Another alternative would be to do matching of repositories based on certain attributes.

For my usecase, I care less about the performance problem, and more about being able to assign a specific dependency to a specific repository for correctness reasons.

Example story:

  • a jar from mavencentral has a bug / needs a feature
  • I modify the jar to suit my needs
  • I publish it to our local 3rd party repo under a new version
  • at some point in the future, a new jar with the same version is published to mavencentral

I might be in the minority here, but I imagine it's a pretty common situation for a project to be "we get all our deps from mavenCentral, except this one vendor library which comes from the vendor's maven repo, and this one hacked-up library we check-in to our 'libs' directory". I guess it's a sticky issue figuring out how to resolve the transitives...

@netwigg The way I've handled your use case in the past is to deploy your "fixed/hacked" artifact under an expressly different GAV coordinate. It may just be that the version is overtly different (i.e. "1.0.1" --> "1.0.1.MYCOMPANY_PATCH").

Another way is to prepend the groupId or artifactId with yours. Back in the day, SpringSource did this with their OSGi Enterprise Bundle Repository. They took a ton of OSS libraries that were not OSGi'd, and modified their MANIFEST.MF and repackaged them and deployed them with the same exact groupId and version, but the artifiactId was prepended with "com.springsource". For example, "org.apache.commons:commons-io" became "org.apache.commons:com.springsource.commons-io".

I like prepending to the group or artifact ID over changing the version, just to make it clear it is in fact a "different" artifact. It also better avoids collisions.

Publishing it under a different group is a very good approach. You can use a substitution rule to tell Gradle to replace any appearance of the original with your modified one. Then you don't rely on repository order for correctness.

The problem with the GAV changes is that they propagate to projects which consume your project as 4th party dependencies but those consumer projects might not have access to the same repositories you have. You care where the libs in your distribution build come from but you don't care / control where consumer projects get them from.

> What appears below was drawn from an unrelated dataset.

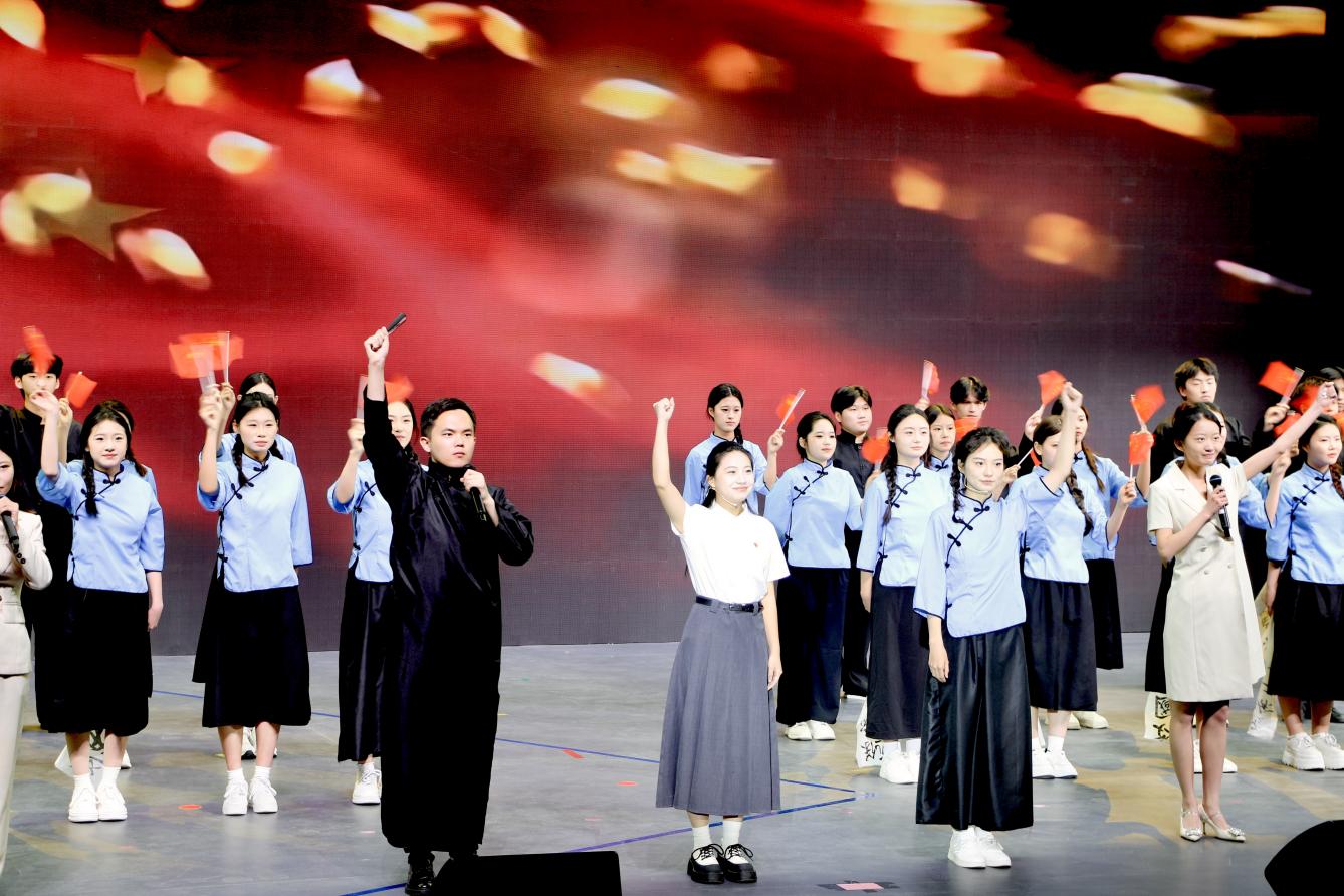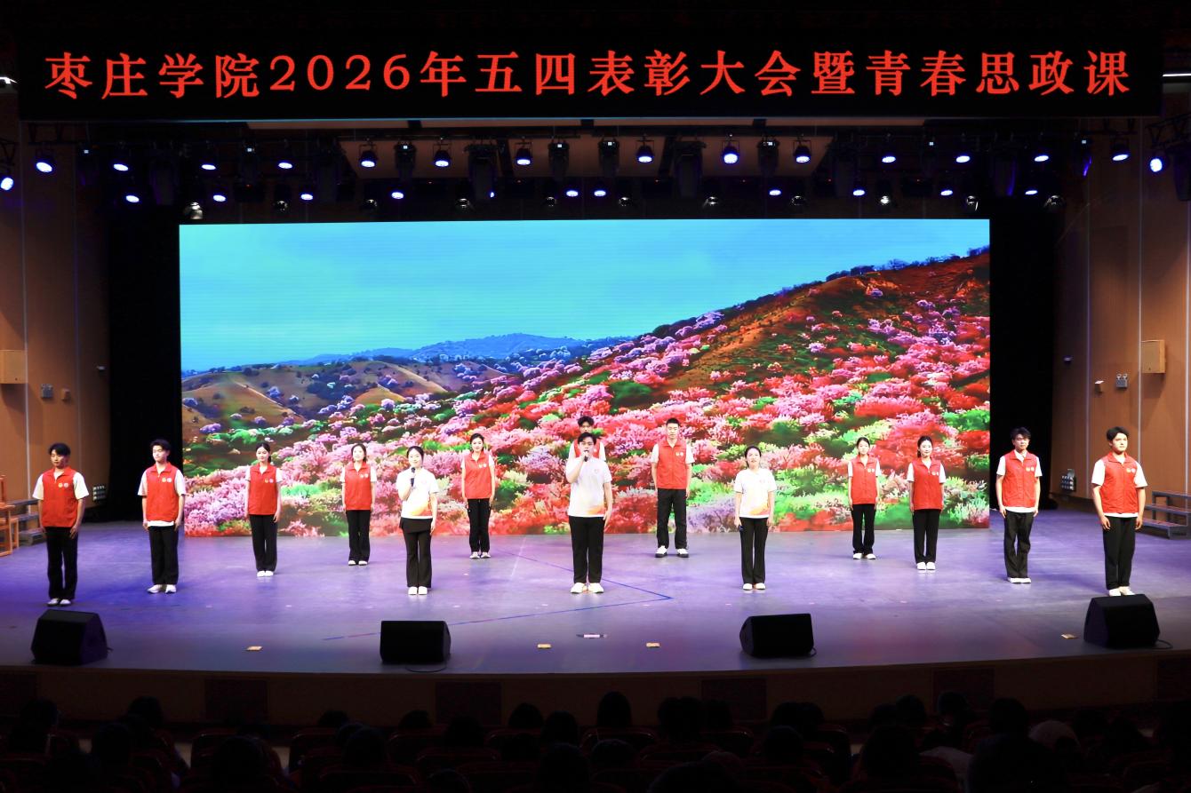 活动以“星火燎原 青春绽放”“雄关漫道 青春有为”“奋勇争先 青春担当”“强国有我 青春向党”四大篇章为主线,将表彰先进、主题微团课、文艺展演深度融合,把党的创新理论主课堂搬上舞台,让艺术与红色教育“零距离”走进青年,打造了一堂有深度、有温度、有力度的沉浸式“大思政课”,为传统思政教育注入了鲜明的枣院特色与青春气息。情景剧《五四·1919》《启航·1921》再现峥嵘岁月,带领师生感悟革命先辈矢志不渝的信仰力量;朗诵《青春中国·青春赞歌》以铿锵之声礼赞盛世中华;歌曲《愿你抬头有光》《篇章》唱响新时代青年不负韶华、逐梦前行的壮志豪情;歌伴舞《有我》以青春之姿宣誓“强国有我”的时代担当,将现场氛围推向高潮。

Another use case for this which I think is fairly common at companies and which shows that this is not only about performance: as per company policy 3rd parties have to pulled from a certain "approved" repository which is basically the same as Maven central but has some additional stuff like a virus scanner or something.

I don't understand the two points above. Can you please elaborate how the original proposal of "repositories on dependencies" would have solved them?

If you modify a lib, but don't give consumers access to the repo containing that modified version, these consumers can't work. They can't just use the unmodified version, since that's not going to work correctly with your project. But if they really want to try anyway, they can use a dependency resolution rule to adjust that dependency back to the unmodified version.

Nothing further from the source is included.